Monday, March 1, 2021

The Solution To "Racist" Math-Urban And Rural Math

You may have seen the, surely insane, woke answer to racist math;

"The Oregon Department of Education (ODE) recently encouraged teachers to register for training that encourages "ethnomathematics" and argues, among other things, that White supremacy manifests itself in the focus on finding the right answer."

I won't attempt to parody this madness, those much better qualified for that sort of thing have done that;

John Hoge has a question:


I wonder how many of the education bureaucrats who are promoting the course would object to the calculations on their paychecks being done on the basis of 2 + 2 = 3.

and, frankly, it is beyond parody being utterly pathetic.

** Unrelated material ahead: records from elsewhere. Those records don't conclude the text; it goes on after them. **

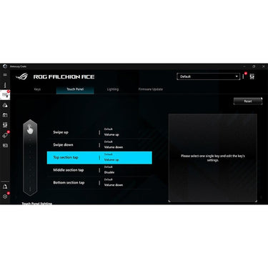 An innovative touch panel on the left side of the Falchion Ace lets you conveniently adjust volume; or create shortcuts for switching apps; or copying and pasting. It can also be programmed for use as a macro key for more intuitive controls for gaming.
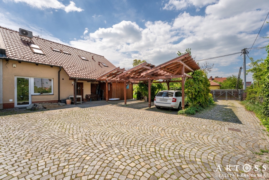 Velká zahrada a parkování ? zahrada o rozloze 651 m2, v přední části domu je kryté parkování pro více aut, kde je možné umístit třeba i karavan.
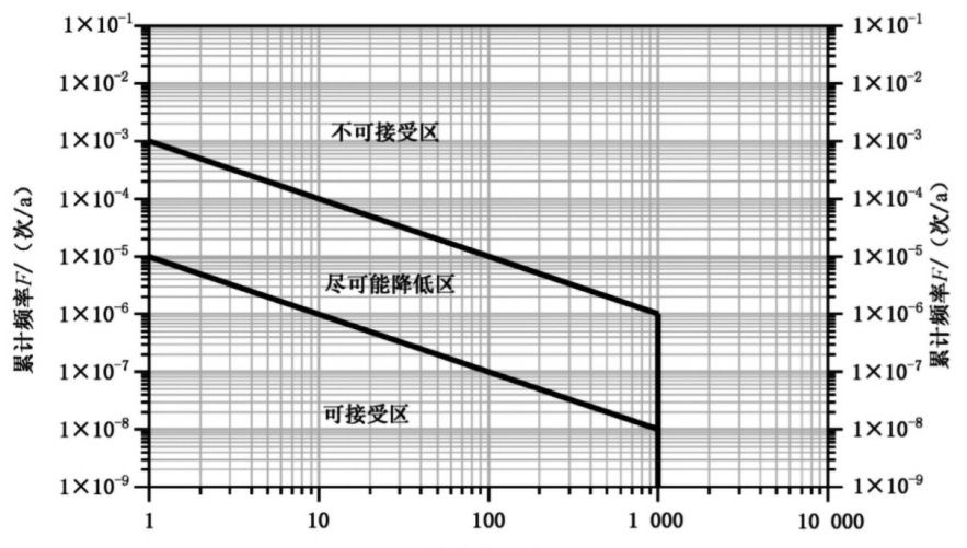 社會(huì )風(fēng)險表示特定防護目標多人死亡的事故累計頻率,也就是群體死亡的頻發(fā)程度。通過(guò)兩條風(fēng)險分界線(xiàn)將社會(huì )風(fēng)險劃分為三個(gè)區域,即:不可接受區、盡可能降低區和可接受區,詳見(jiàn)圖 1。
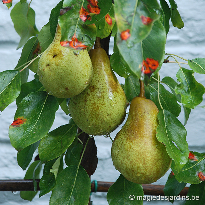 De bomen werpen het teveel aan vruchtjes af zodat de andere mooi dik kunnen worden. Na de rui kun je een fles met een niet te smalle hals over een jong peertje schuiven en ze met ijzerdraad aan zwaardere takken vast t maken zo dat de opening naar beneden wijst. Anders loopt ze vol water en rot de peer tijdens het rijpingsproces.
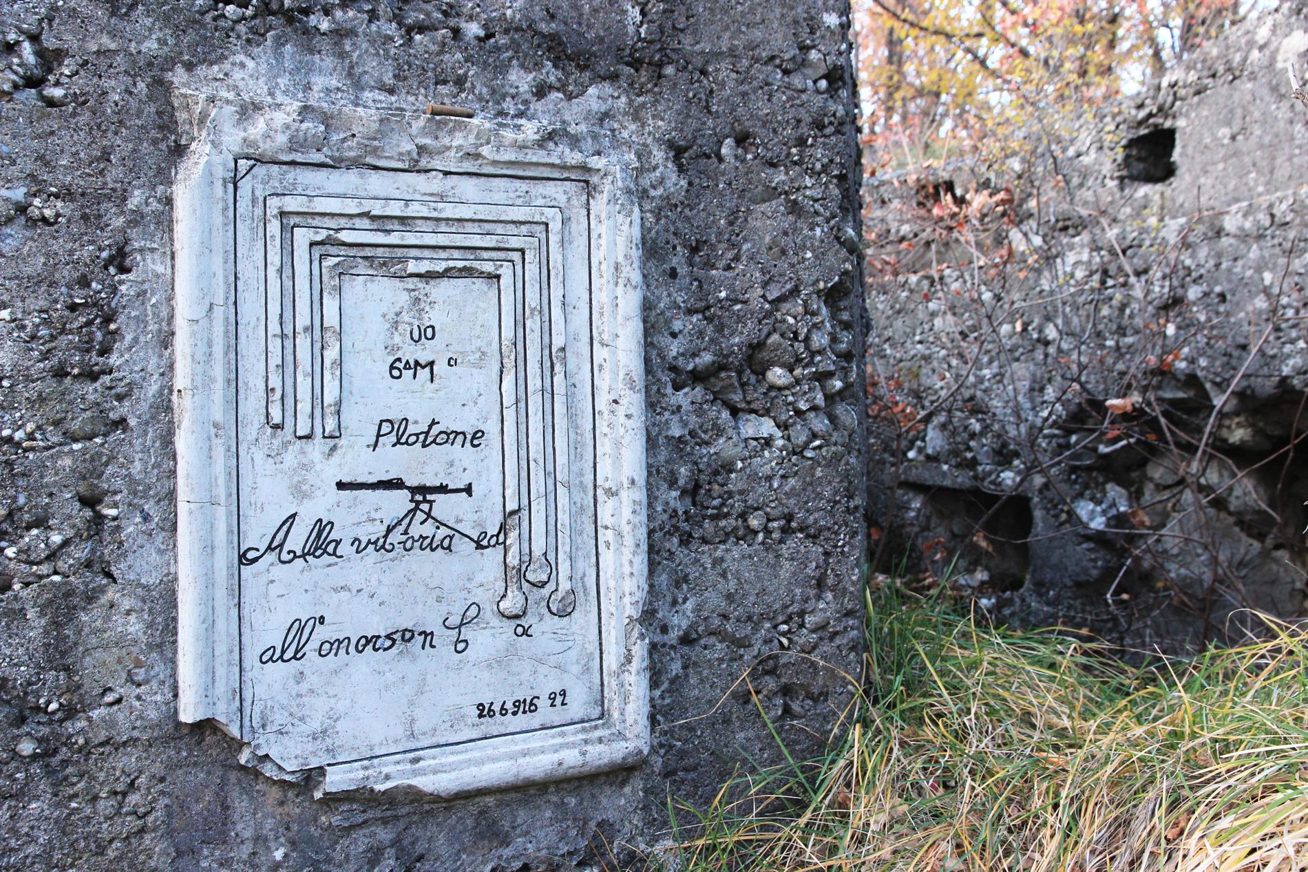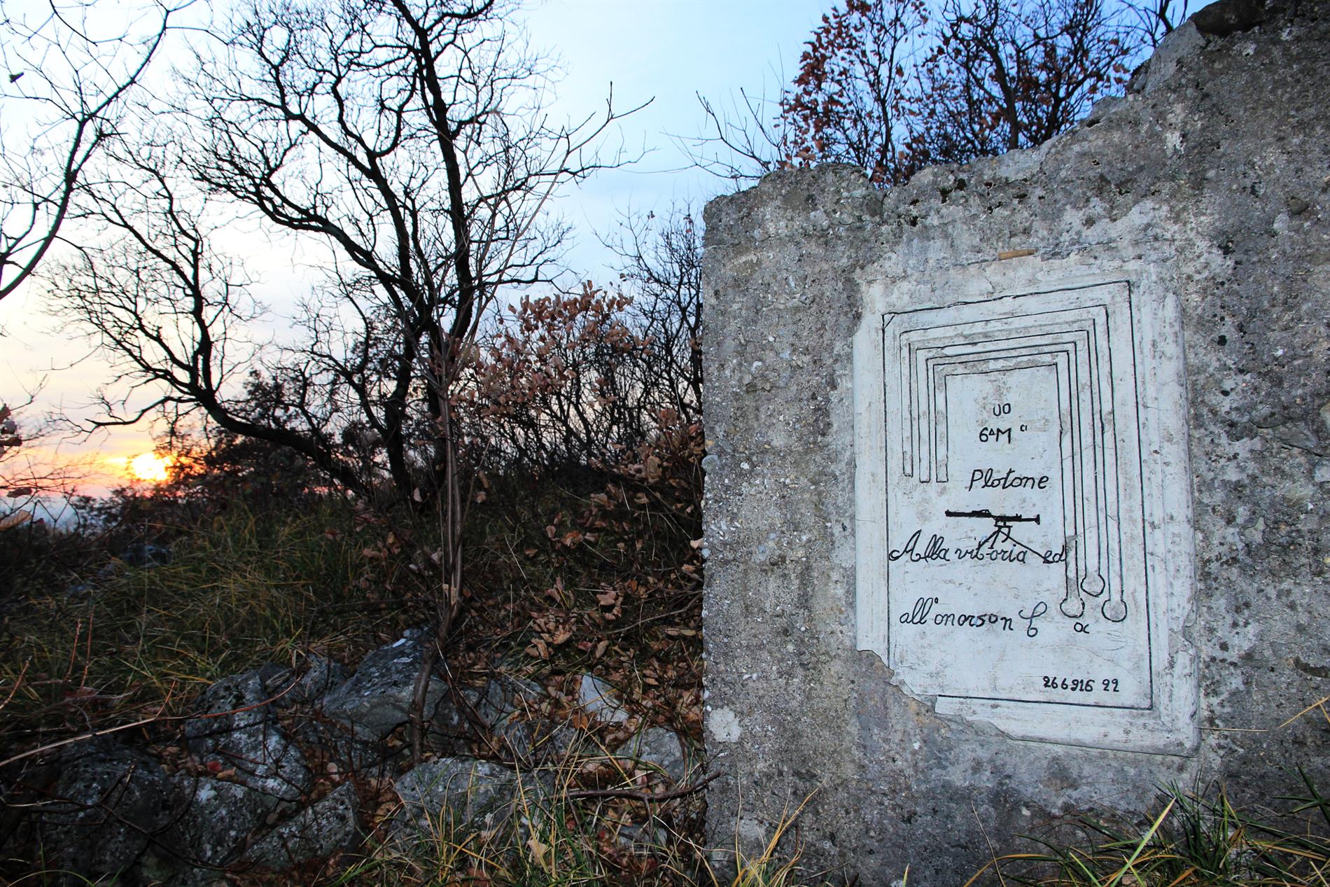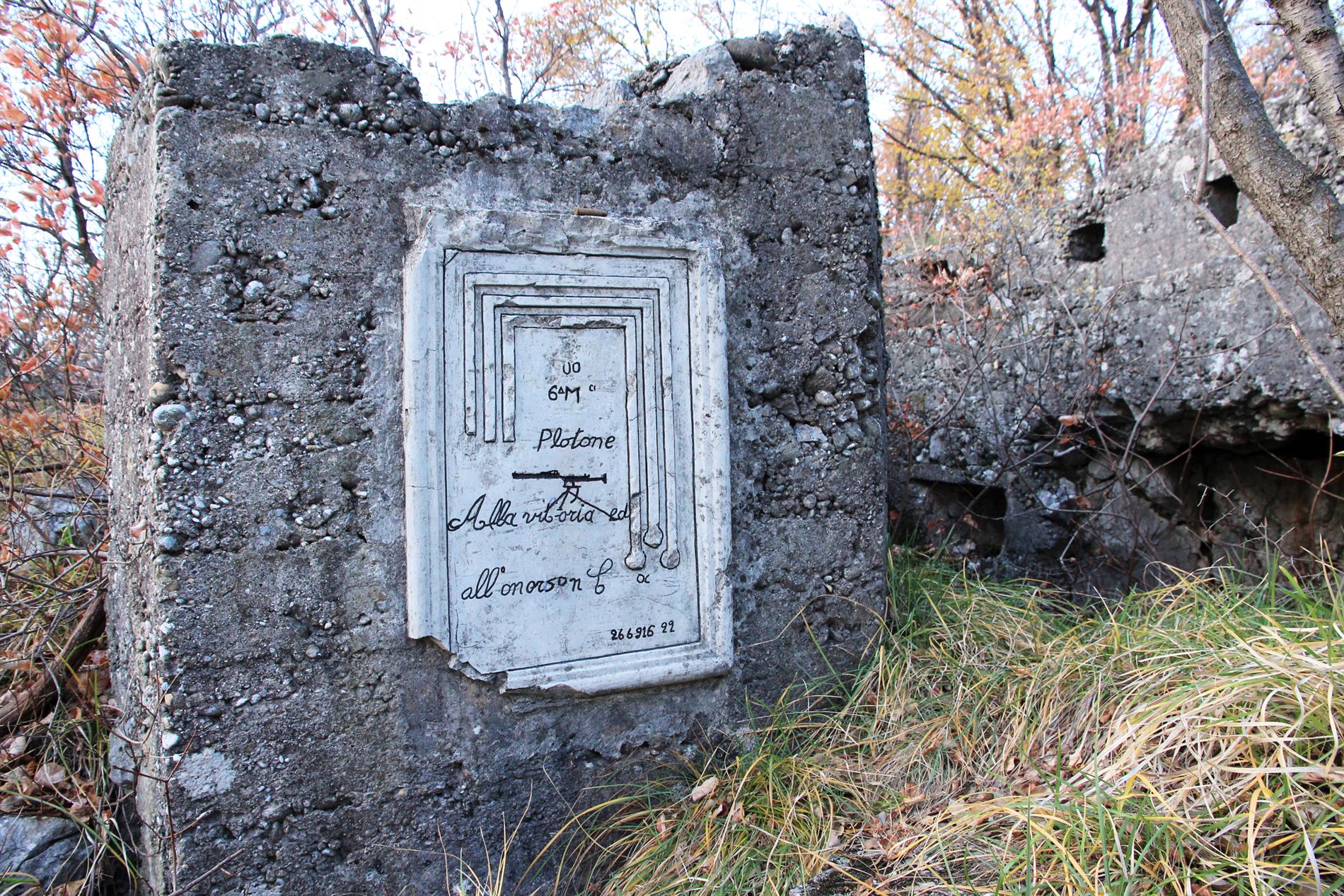La targa compare all'interno della trincea in cemento che, fra l'ultima decade del luglio 1915 (Seconda Battaglia dell'Isonzo, fase che portò alla conquista italiana della posizione) e la prima decade dell'agosto 1916 (Sesta Battaglia dell'Isonzo, evento a cui conseguì la progressione italiana per alcuni chilometri nell'entroterra carsico), costituì l'asse fondamentale del sistema trincerato avanzato tenuto dal Regio Esercito lungo il ciglione che del Monte Sei Busi digrada verso le Alture di Vermegliano. Trincea che, successivamente all'agosto del 1916 fino alla ritirata italiana conseguita allo sfondamento austro-tedesco di Caporetto (scattata sul Carso il 27 ottobre del 1917), venne inglobata in quello che al settembre del 1917 rappresentava il settimo sistema fortificato arretrato della 3ª Armata, ossia la Linea di San Martino
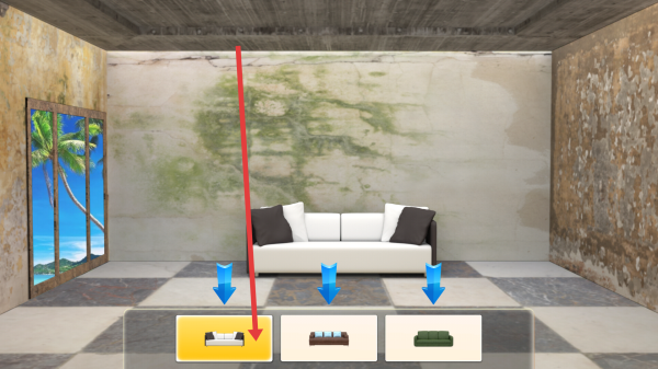 2、购买后弹出样式栏,选喜欢的沙发款式如白色带抱枕款,或者可以选择自己喜欢的样式,自动替换原沙发。
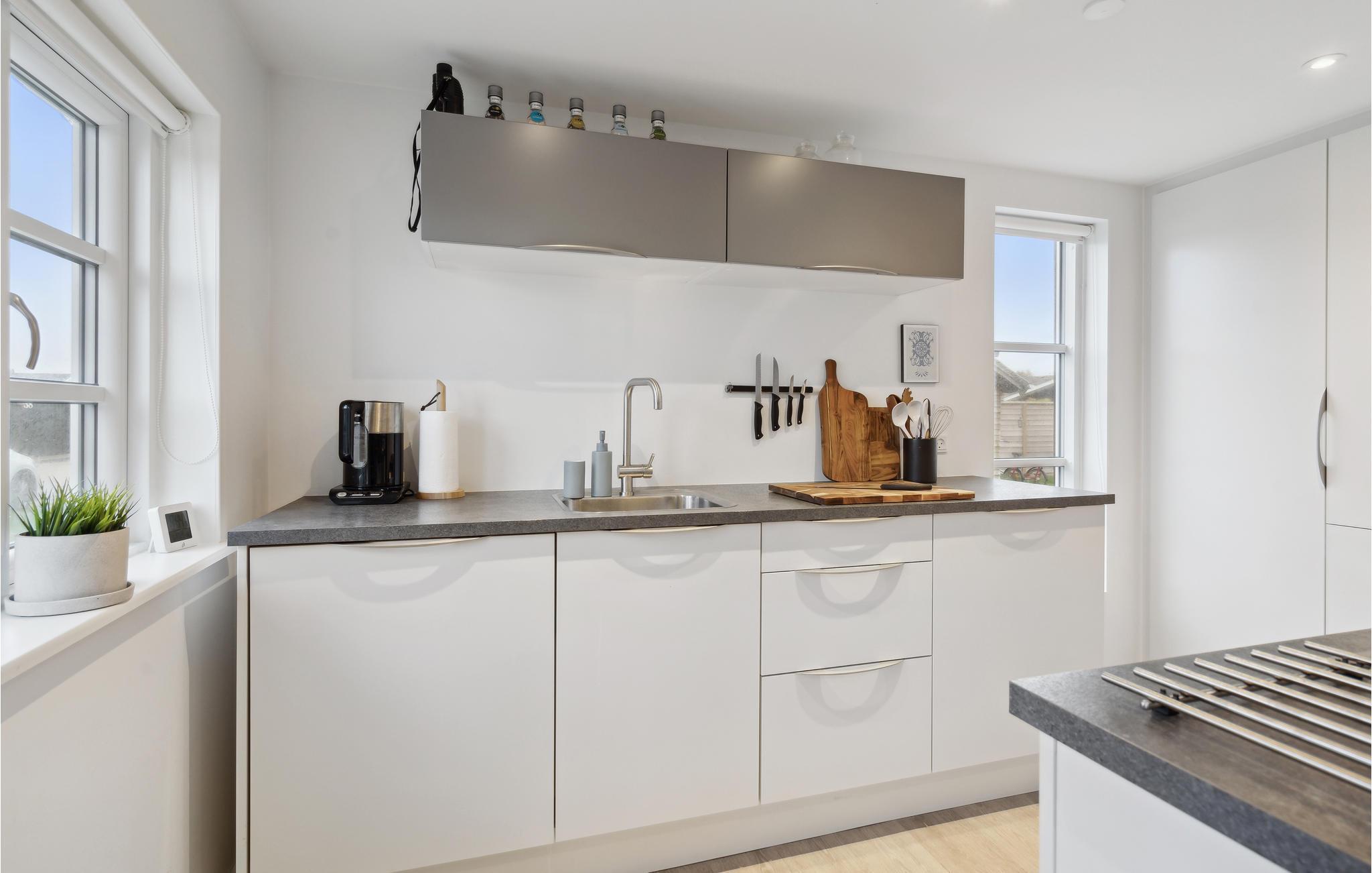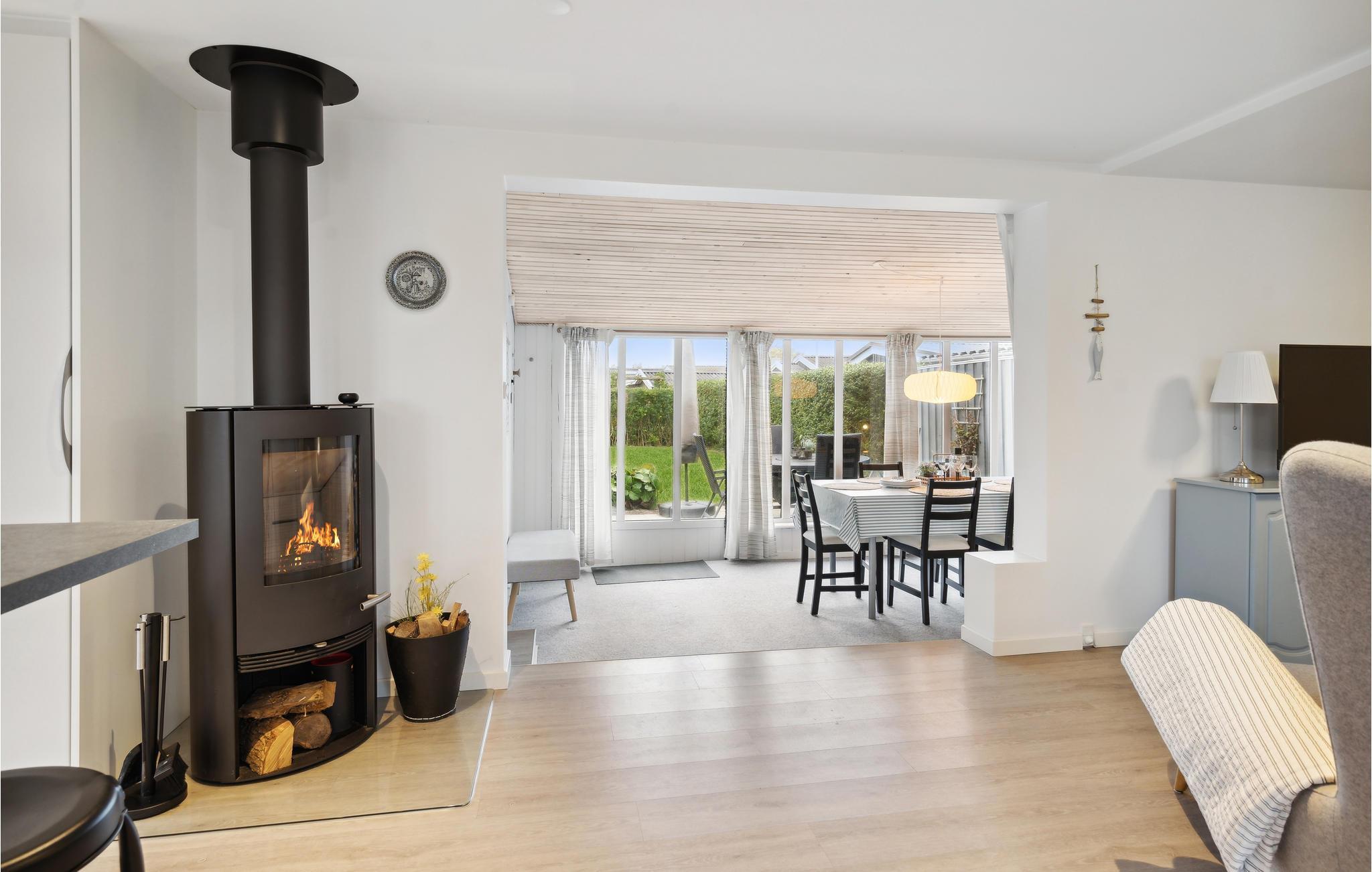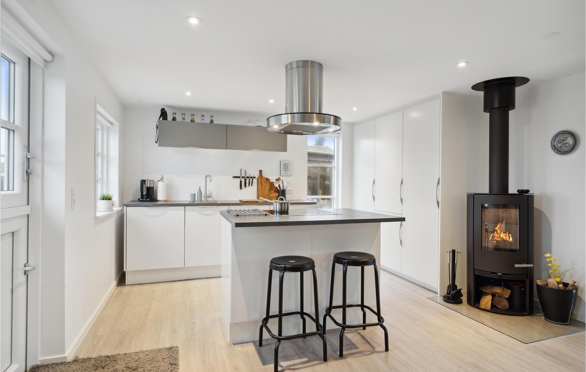 Velkommen til skønne Hasmark Strand og dette fine, lyse sommerhus, som giver jer nem adgang til stranden. Glæd jer til at tilbringe dagens hyggestunder i huset, efter I er tilbage fra jeres udflugter. Boligen har en dejlig ro med sit åbne, behagelige udtryk, så her er det nemt at slappe af. Giv jer i kast med en lækker aftenmenu i køkkenet, inden I kan læne jer tilbage i sofahjørnet og nyde varmen fra ilden i brændeovnen.
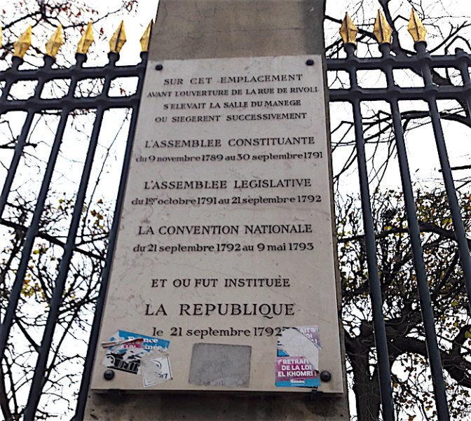 C’est là que siégeait la Convention, dans la salle du manège du palais aujourd’hui disparu. La plaque qui commémore cet évènement est là, au long des grilles du jardin.
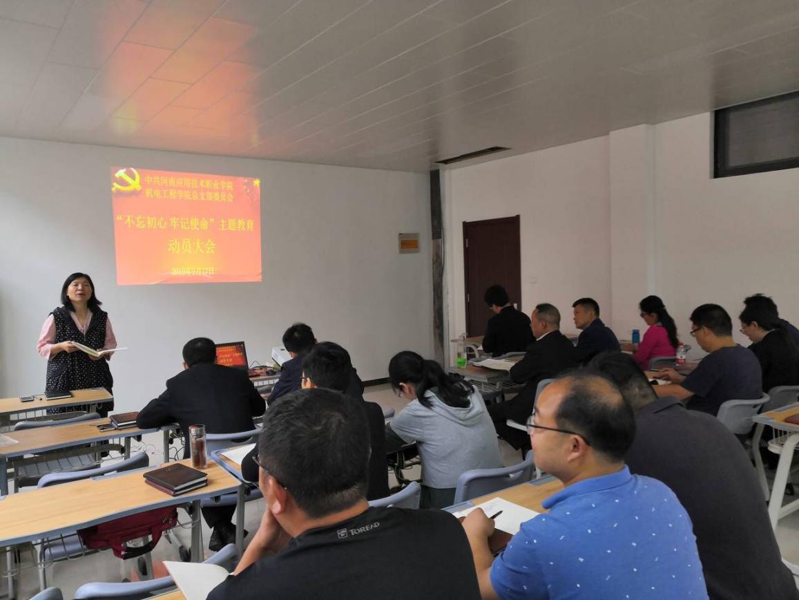 首先,党总支副书记邓艳丽同志传达了学校“不忘初心、牢记使命”主题教育动员大会精神,明确了此次主题教育的总要求是守初心、担使命,找差距、抓落实;具体目标是理论学习有收获、思想政治受洗礼、干事创业敢担当、为民服务解难题、清正廉洁作表率;重点措施是要结合实际,创造性开展工作,把学习教育、调查研究、检视问题、整改落实贯穿主题教育全过程,努力取得最好成效。

But, believe it or not the concept has found a defender in one Lance Cummings PhD;

"But how we teach math can support the racist structures within a society that has been geared towards a particular race and culture for centuries."

"White supremacy culture shows up in math classrooms when the focus is getting the “right” answer. The concept of mathematics being purely objective is unequivocally false, and teaching it is even much less so."

You can read the rest of his remarkable essay HERE

But I will quote one of his remarkable solutions to removing white superiority racism in math which is, apparently, to address the math curriculum regionally.


For the suburbs-thusly;

"A food truck sells salads for $6.50 each and drinks $2.00 each. The food truck’s revenue from selling a total of 209 salads and drinks in one day was $836.50. How many salads were sold that day?

 

For the white rural community-thusly; 

"Wyatt can husk at least 12 dozen ears of corn per hour. Based on this information, what is a possible amount of time, in hours, that it could take Wyatt to husk 72 dozen ears of corn.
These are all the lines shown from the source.